IAM calls on government to tackle potholes and road safety
First publishedin The Global Road Safety Review
The Institute of Advanced Motorists (IAM) has called on the new government to make road safety and the tackling of potholes a top priority.
The organisation carried out a survey of 2,156 people in March 2015 and found the number one gripe amongst those who answered the poll said reducing the number of potholes should be the government’s number one action point, with 70 per cent of respondents voting for this.
With the backlog of repairs now topping US$17.6 billion according to the Asphalt Industry Alliance (AIA), the organisation stated funding a long-term action plan must be an early priority for any new government. The AIA also said at the end of March that money spent on filling 2.7 million potholes in the past year had been ‘wasted’. The next biggest concern for road users was that of general road maintenance, with more than 64 per cent of those surveyed stating this needed more attention.
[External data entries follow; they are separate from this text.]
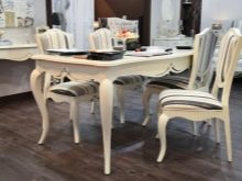 - كراسي المطبخ مع الطاولة هي الخيار الأخير عند شراء الأثاث. يجب دمجها مع واجهات المطبخ. بالنسبة للمطبخ ، سيكون من العملي شراء نماذج مصنوعة من البلاستيك والمعدن وغيرها من المواد التي يمكن غسلها. إذا كنت ترغب في حماية الكراسي الخاصة بك ، يمكنك خياطة أغطية خاصة لها ؛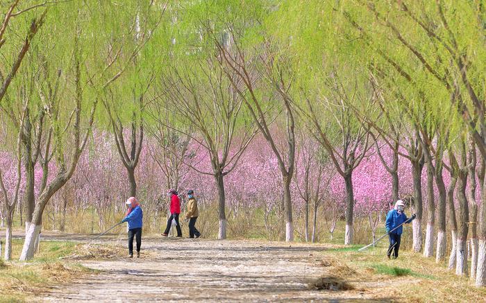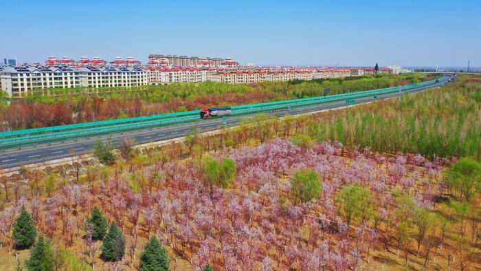 在嘉峪南桥东西两侧,平展展的黄绿色林带围拢着一片片粉紫樱桃花林,与蜿蜒曲折的林间小道谱写着一首幽静且舒适的田园诗歌。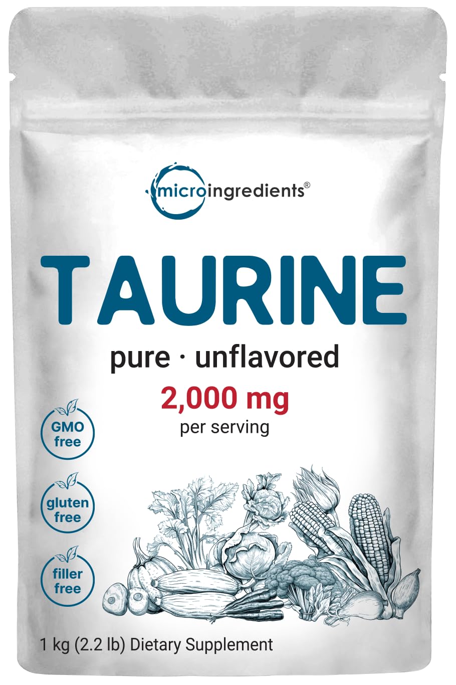 Premium non-GMO taurine supplements. Made without soy, dairy, gluten, fillers, preservatives, flavors, and tree nuts. Ingredients must pass our 3rd party lab tests to ensure a product that is safe, pure, and potent. Free forming amino acids are unbound and allow for more efficient absorption, great for any pre or post workout drinks, add to any beverage and you won't even know it is there. Taking daily will promote natural amino acid properties for supporting ant-aging benefits towards heart health, workout performance, and sustainable energy production in both men and women. Each pouch provides 1kg (2.2lbs) of pure taurine powder, 1 scoop serving size that equals a 2,000mg dose, over a 16-month supply. Micro Ingredients offers a bulk 2.2 pound supply of unadulterated taurine powder, no artificial colors or flavors added, easily absorbed free form, conditionally essential amino acid support.

Third in the list was reducing the number of road accidents and casualties for all age groups, with 52 per cent of respondents saying it should be a greater government concern. Road crashes are claimed to cost the UK economy US$23 billion every year.
According to the Department for Transport the number of those killed or seriously injured on UK roads has increased by four per cent as of September 2014 in comparison to 2013.
Neil Greig, IAM director of policy and research, said that no government can be complacent about these figures. He claimed that cuts in visible policing and road safety spending have had an impact and said that while these figures cannot be regarded as a trend, they are a major concern that the new Parliament must address.